Just because I want my subtitles in English, doesn't mean I want all typical discussed Spanish food names to be replaced by "kind of the same" British names, yet something like that is something I've come across before. Horrible.
I totally get this. When I'm watching videos for the purpose of learning a language, I want all the actual words in the subtitles. But if I'm watching just ot enjoy, say in a language I don't care to learn, I don't mind someone creatively changing the dialog to how it probably would have been written in English. This happens with translations of novels all the time. People even seek out specific translators who they feel are especially talented at this kind of thing.
It depends on the context! Trying to Americanize Godzilla, for instance, has largely failed because Godzilla is an allegory for the unique horror of nuclear bombing which Japan experienced. Making him just a lizard that walks through New York is kind of stupid.
Jokes are an example of something translators can do really well - things like puns don't work 1:1 across languages. A good translator will find a corresponding, appropriate line of dialogue and basically keep the intent without literally translating the words.
Food is kind of silly because it's tied to place - if a setting is clearly Spanish, or a character is Spanish, why wouldn't they talk about Spanish food? Their nationality ostensibly informs something about their character (like Godzilla) and can't just be fine/replaced.
> Jokes are an example of something translators can do really well - things like puns don't work 1:1 across languages. A good translator will find a corresponding, appropriate line of dialogue and basically keep the intent without literally translating the words.
Again, those aren't "cultural translations" but "idioms translations", which I do agree should be translated into something understandable in the language, otherwise you wouldn't understand it.
What I was aiming at in my original comment was examples like these:
> Family Guy original voice-overs + subtitles making a joke about some typical father figure in Hollywood for example. Then the Latin Spanish subtitles will have translated that joke but replaced the specific actor with some typical father figure from the Mexican movie industry, while the Castilian subtitles would have replaced it with someone from the Spanish movie industry.

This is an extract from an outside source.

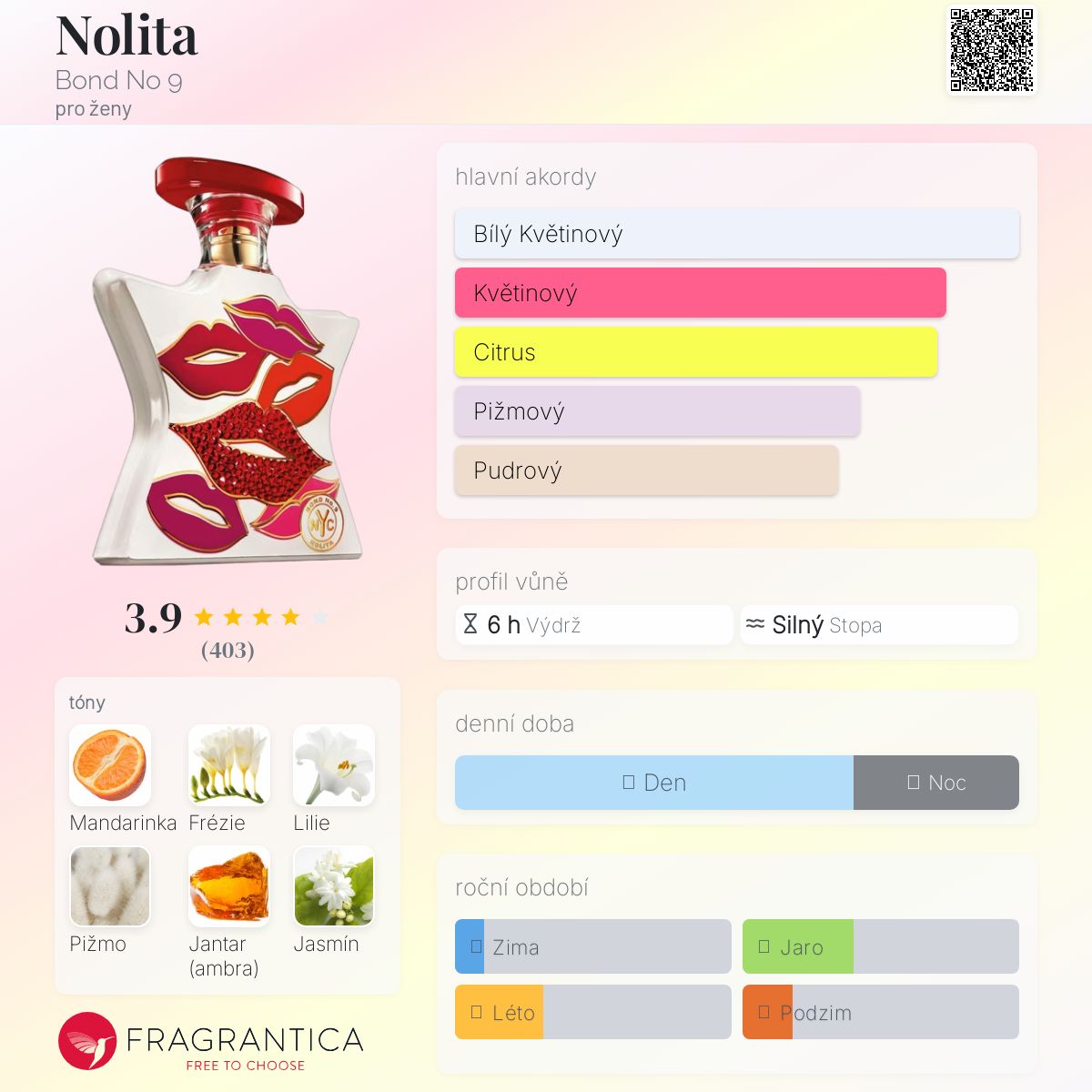 Nolita podle Bond No 9 je Floral Woody Musk vůně pro ženy. Nolita byl/a uveden/a v roce 2017. Vrchní tóny jsou Mandarinka a Frézie; střední tóny jsouLilie, Jasmín Sambac a Růže ; základní tóny jsou Pižmo, Jantar (ambra) a Santalové dřevo.

More precisely speaking, there are two kinds of subtly different subtitles with different audiences: those with auditory imparements and those with less understanding of given language. The former will benefit from paraphrasing while the latter will be actively disadvantaged due to the mismatch.
There was an eminent Russian voiceover artist (goblin?) that translated pirated Western movies with his own interpretation.
His translations were nowhere near what the movie was about, but they were hilarious and fit the plot perfectly.
Not all of his translations were nowhere near the original. For example, his translation of Guy Ritchie's Snatch was excellent (in my opinion of course) and is still quoted to this day. I'd say it's the only one that absolutely nails it and then some.
On the other hand, his Lord of The Rings was an "alternative" dub as you described. Didn't watch that one though.
I know a little Spanish and even I get annoyed when the English subtitles don’t match what they said in Spanish. Of course I expect grammatically correct Spanish to be translated into grammatically correct English.
> Spanish food names to be replaced by "kind of the same" British names
The purpose of a translation is after all to convey the meaning of what was said. So for example you'd want the English "so so" to be translated in Spanish as "más o menos" instead of repeating the translation of "so" twice. You don't want to just translate word for word, venir infierno o alta agua.
A lot of dialog needs language specific context, many expressions don't lend themselves to literal translation, or the translation in that language is long and cumbersome so paraphrasing is an improvement.
Like with anything else, the secret is using it sparingly, only when it adds value.
> But for example you'd want the English "so so" to be translated in Spanish as "más o menos" instead of doubling down on whatever literal translation for "so" they choose.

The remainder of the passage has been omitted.